Crash Course On CAD Data Part 2

The second part of the course is about how 3D data is presented in CAD (voxels, meshes, SCG, B-Rep).

Roman Lygin
3 min read

Previous part

Part 1. How did this all begin?

How is 3D data presented in CAD?

There can be multiple approaches to describing 3D data. Depending on problem domain and required operations on such data, the choice can be among the following options:

  • Voxels;
  • Meshes;
  • CSG (Constructive Solid Geometry);
  • B-Rep (Boundary Representation).


Voxel, or volume element, a 3D counterpart of a 2D pixel, can be found in medicine and scientific applications, and games to represent graphical objects on a scene via a set of fine-grained 3D elements. Voxel data model, for instance, can result from space scanning and attributing certain graphical property (such as color and transparency) to each small cell of a 3D grid.

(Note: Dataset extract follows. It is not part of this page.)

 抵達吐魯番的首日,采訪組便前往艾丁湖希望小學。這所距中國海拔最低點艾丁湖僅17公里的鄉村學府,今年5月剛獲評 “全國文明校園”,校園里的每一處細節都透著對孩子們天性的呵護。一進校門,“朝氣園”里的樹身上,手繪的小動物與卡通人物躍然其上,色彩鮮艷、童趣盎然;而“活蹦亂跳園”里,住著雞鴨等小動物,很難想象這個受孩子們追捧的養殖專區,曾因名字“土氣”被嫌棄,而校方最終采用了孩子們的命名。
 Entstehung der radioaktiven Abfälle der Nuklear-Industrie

A series of voxels in a stack, with a single voxel shaded


Mesh is a tessellated (also known as facetted or polygonal) representation of a 3D model. Meshes can be:

  • 1D: free-form curve approximation with linear segments;
  • 2D: approximation of a surface with triangles, quadrangles or arbitrary polygons;
  • 3D: filling-in the internal body space with tetrahedrons, hexahedrons, prisms, pyramids and others.

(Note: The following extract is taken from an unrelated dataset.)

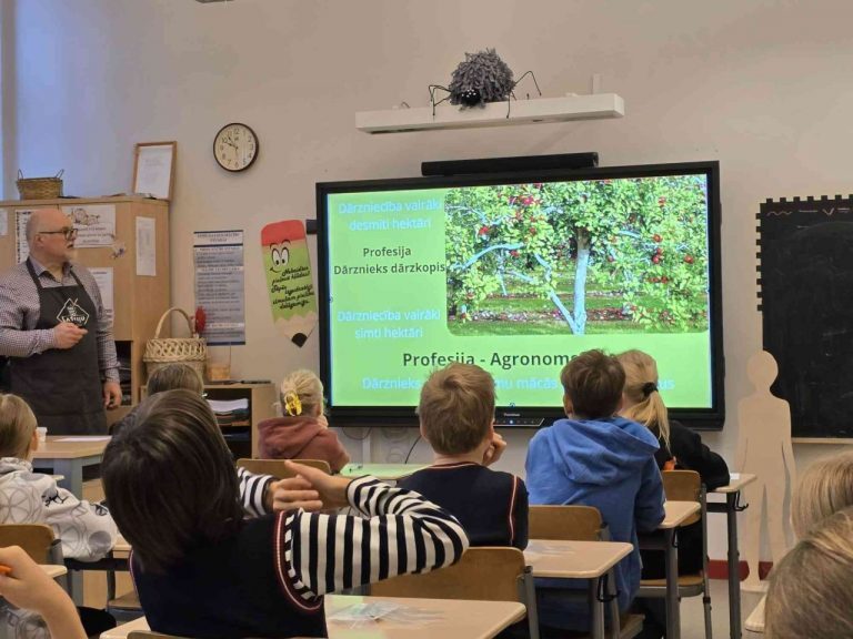 4.a klases izvērtējums: “Nodarbība bija interesanta un izzinoša. Tajā uzzinājām par dažādām profesijām, to nozīmību un ražošanas procesu – no idejas līdz gatavam produktam. Bērniem bija iespēja ģenerēt pašiem savas idejas, ko varētu ražot no ābolu izspiedām. Nodarbības noslēgumā notika radoša meistarklase, kas ļāva pašiem izmēģināt apgūto, katrs izveidoja konfekti. Māris Logins vadīja nodarbību ar sirsnību, aizrautību un patiesu ieinteresētību.”

Most of the time, meshes are of the first order (i.e. mesh cells boundaries are either linear or planar). Some mesh generators are able to produce 2nd order elements. The former are more wide-spread due to reduced memory footprint and faster computations thereon. The latter allow more precise approximation at the expense of speed and footprint.

CSG (Constructive Solid Geometry)

This technique describes a 3D body via a tree of (binary, Boolean) operations (such as fuse, common or cut) required to construct such a body.

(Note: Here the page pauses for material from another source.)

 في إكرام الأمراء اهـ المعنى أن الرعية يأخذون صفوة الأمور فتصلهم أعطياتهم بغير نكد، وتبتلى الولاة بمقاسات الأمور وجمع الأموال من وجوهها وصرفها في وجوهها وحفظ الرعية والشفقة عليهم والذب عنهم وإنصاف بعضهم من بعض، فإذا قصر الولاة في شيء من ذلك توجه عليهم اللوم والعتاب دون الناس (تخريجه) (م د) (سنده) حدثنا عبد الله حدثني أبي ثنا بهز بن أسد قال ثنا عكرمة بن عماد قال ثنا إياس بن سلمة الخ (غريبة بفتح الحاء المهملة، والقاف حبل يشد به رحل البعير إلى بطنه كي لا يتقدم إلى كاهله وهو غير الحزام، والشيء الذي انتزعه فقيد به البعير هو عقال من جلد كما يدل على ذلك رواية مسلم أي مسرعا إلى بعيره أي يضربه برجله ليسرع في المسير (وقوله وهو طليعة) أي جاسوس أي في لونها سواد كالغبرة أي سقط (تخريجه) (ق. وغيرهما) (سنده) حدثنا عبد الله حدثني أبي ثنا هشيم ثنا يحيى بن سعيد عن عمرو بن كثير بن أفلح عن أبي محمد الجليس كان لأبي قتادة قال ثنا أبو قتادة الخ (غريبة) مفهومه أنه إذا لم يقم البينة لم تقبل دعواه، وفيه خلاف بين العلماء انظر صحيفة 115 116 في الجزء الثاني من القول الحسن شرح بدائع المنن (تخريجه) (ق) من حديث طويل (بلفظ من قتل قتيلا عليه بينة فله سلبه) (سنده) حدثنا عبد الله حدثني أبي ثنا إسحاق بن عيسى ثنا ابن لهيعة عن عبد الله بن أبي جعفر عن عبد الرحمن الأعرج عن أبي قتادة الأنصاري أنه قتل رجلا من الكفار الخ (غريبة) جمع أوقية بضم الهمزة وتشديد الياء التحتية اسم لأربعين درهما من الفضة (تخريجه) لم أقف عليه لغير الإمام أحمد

CSG objects can be represented by binary trees

B-Rep (or Boundary Representation)

This technique describes a 3D body using its boundaries, namely:

  • surfaces defining the body boundary in 3D space;
  • curves defining intersections of above surfaces;
  • points defining intersections of above curves.

B-Rep distinguishes geometry (which is used to describe the underlying curves and surfaces) and topology (which is used to describe boundaries that limit the geometry and connectivity information). We will talk more of those two concepts later in the series.

Wireframe representation

It is a particular case of B-Rep representation used to describe 1D bodies in 3D, i.e. bodies defined via curves without surfaces. (When I was studying computational geometry and computer graphics in the University this was taught as an independent mechanism but in my professional life it turned out to be just a subtype of B-Rep, so I won’t make a distinction below).

In the CAD/CAM/CAE world, two of the above – B-Rep and meshes – have found the broadest use. Of course, each CAD system tries to add its own data in order to provide maximum data richness and context (such as history of body construction operations, their parameters, constraints and so on). But B-Rep and mesh remain two common denominators used to express 3D data in CAD/CAM/CAE and exchange between the systems.

We are going to talk more of these two in the following installment of the series. Stay tuned ;)

Next part

Part 3. Precise geometry and tessellation. B-Rep’s and meshes.

Roman Lygin
Founder & CEO
Roman is a CAD industry veteran since 1997. After working at Open CASCADE and Intel companies, he founded CADEX in 2014. CAD Exchanger now empowers millions of end-user seats and helps professionals in 110+ countries to communicate in the multi-CAD world. Although Roman's time is now mainly spent on business and operations, he is still actively involved into product development and customer support.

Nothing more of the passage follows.